I just gave my first guest lecture at Cornell University!

(And yes—if you're a fan of The Office, this is Andy Bernard’s alma mater, which somehow makes it even more iconic 😅💪🏻)

This post is going to be a bit of a diary-style, motivational reflection—so if that's not your thing, at least there's a hot picture of me 😄

The lecture went amazing! The students asked such thoughtful and interesting questions.

But more than anything, what I want to talk about is this:

When I first started my OnlyFans and began being more active on social media, I really struggled with how I presented myself in public. I was always quite open in academic/public spaces about what I do—I manage a bro.thel, I go to swingers events, I'm very open about my sex life...

But at the same time, I was raised to embody this “serious academic” persona. You know the drill: to be taken seriously, you have to act serious. You need the right publications, you must respect the hierarchy, you must behave a certain way to be considered a “good scholar.”
And heaven forbid you have an OnlyFans—and dare to be open about it.
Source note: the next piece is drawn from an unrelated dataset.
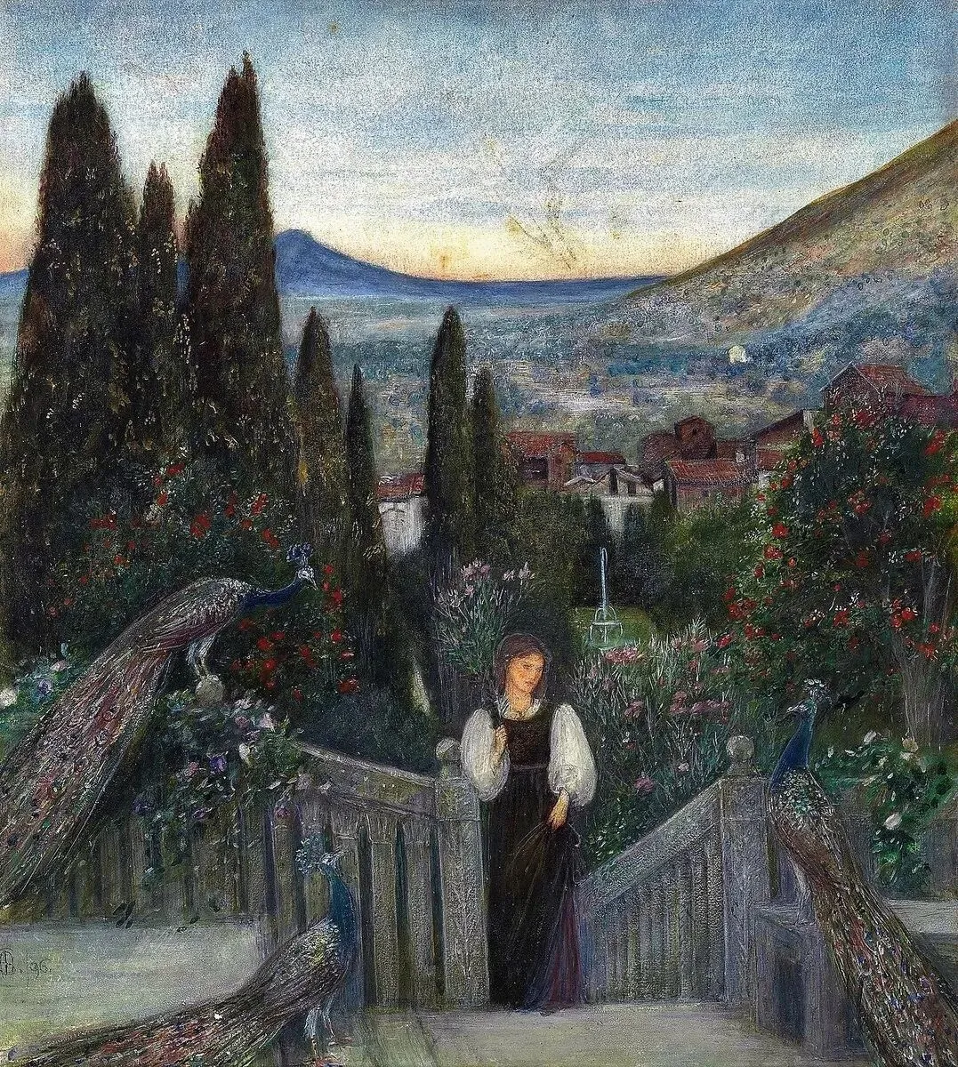 玛丽亚·斯帕尔塔利-斯蒂尔曼:《意大利风景:花园里的少女与孔雀》,1896年。私人收藏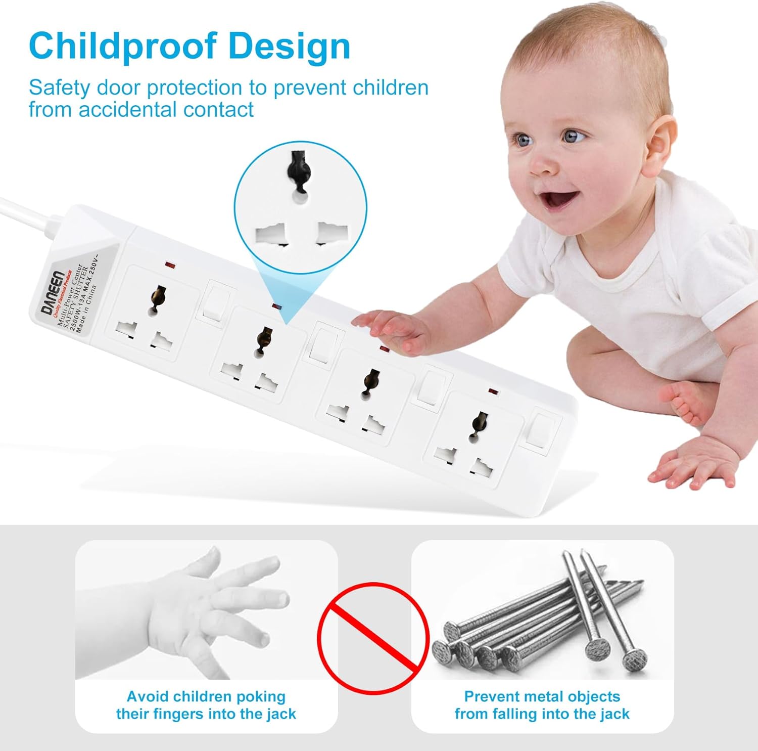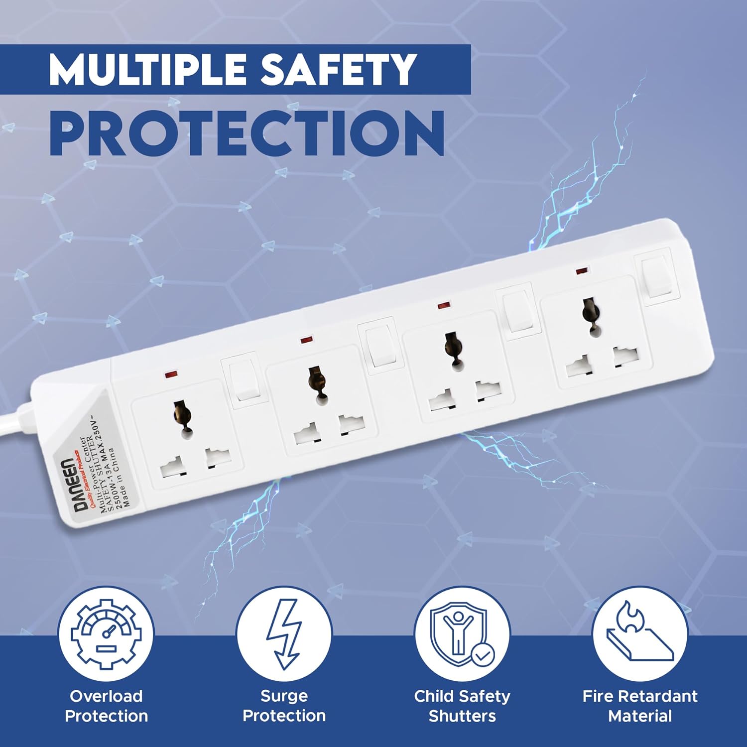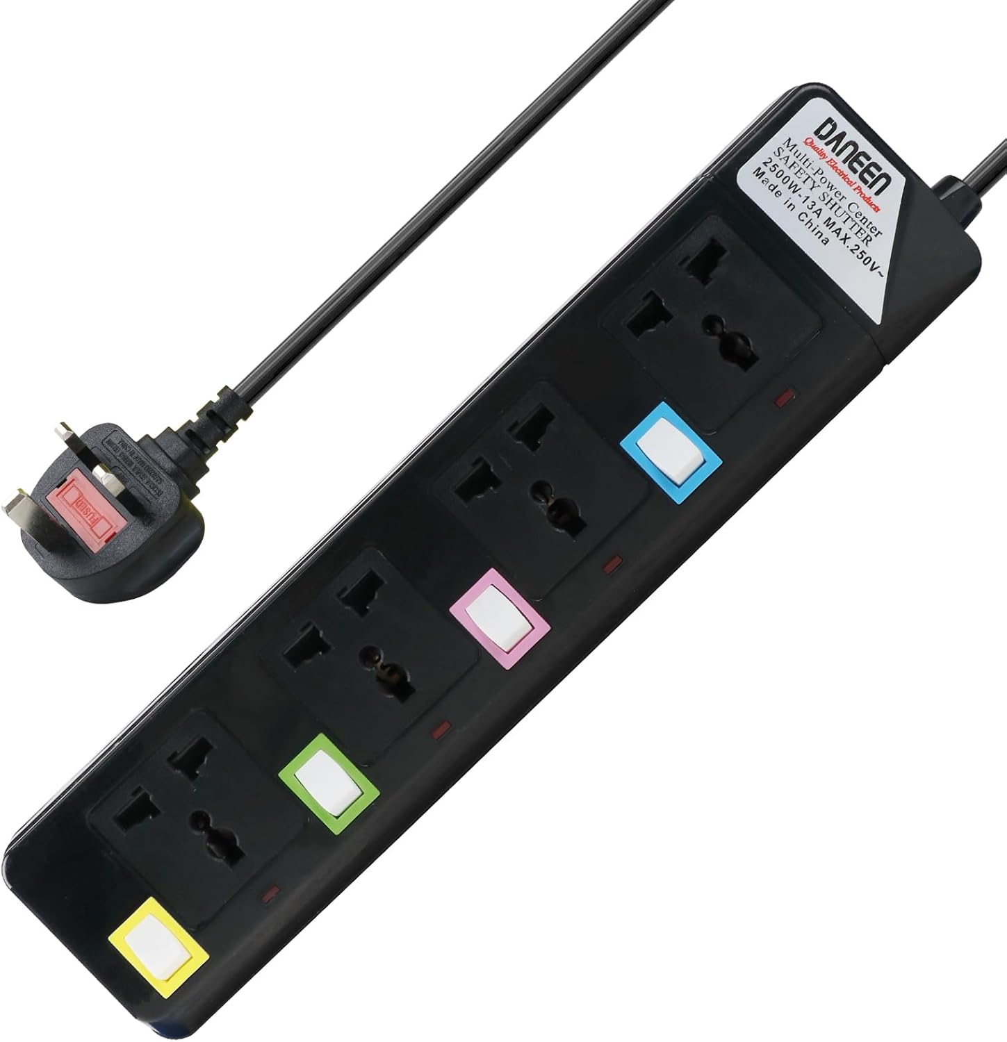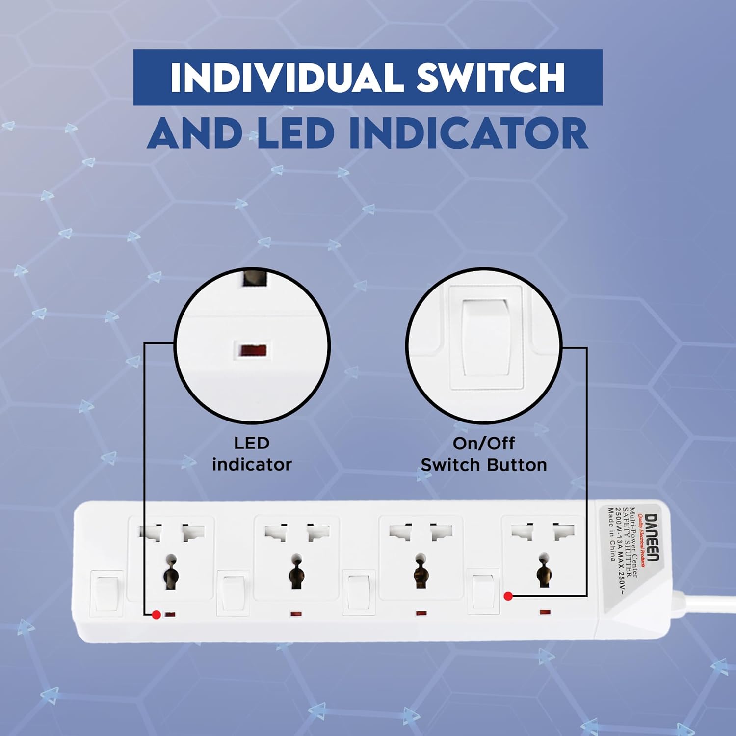 Versatile power extension cord socket with individual switches: Easily expand the number of available power outlets and control each device independently with the convenient individual switchesVersatile 4-way power extension cord socket with individual switches: Easily expand the number of available power outlets and control each device independently with the convenient individual switches

For a while, I kept it as a secret. Not because I was ashamed of what I do—but because I feared that people in academia might think less of me.
Looking back, I realize how stupid that was. I think deep down, I always knew it, but I needed time to truly process it.

I had placed restrictions on myself before anyone else even had the chance to judge me. Eventually, I said: Fuck it. I'm a good scholar—maybe not the best—but I bring something unique to the table. I’m not going to hold myself back just because someone might view me through a narrow, stereotypical lens.

What others think of me says more about them than it does about who I really am.

So when I gave that lecture, I also talked openly about being a content creator. And you know what? It felt liberating.

And guess what else?
No one told me I don’t belong in academia because of it.

So here’s the takeaway:

We all create imaginary restrictions for ourselves. We worry, "What will they think of me if I start/say/do XYZ?" And in doing so, we hold ourselves back—not because of real obstacles, but because of fear.

But when we own our choices and stand confidently behind them, we realize:
We are allowed to be complex. We are allowed to be many things at once.


And the world doesn’t end when we embrace all parts of who we are.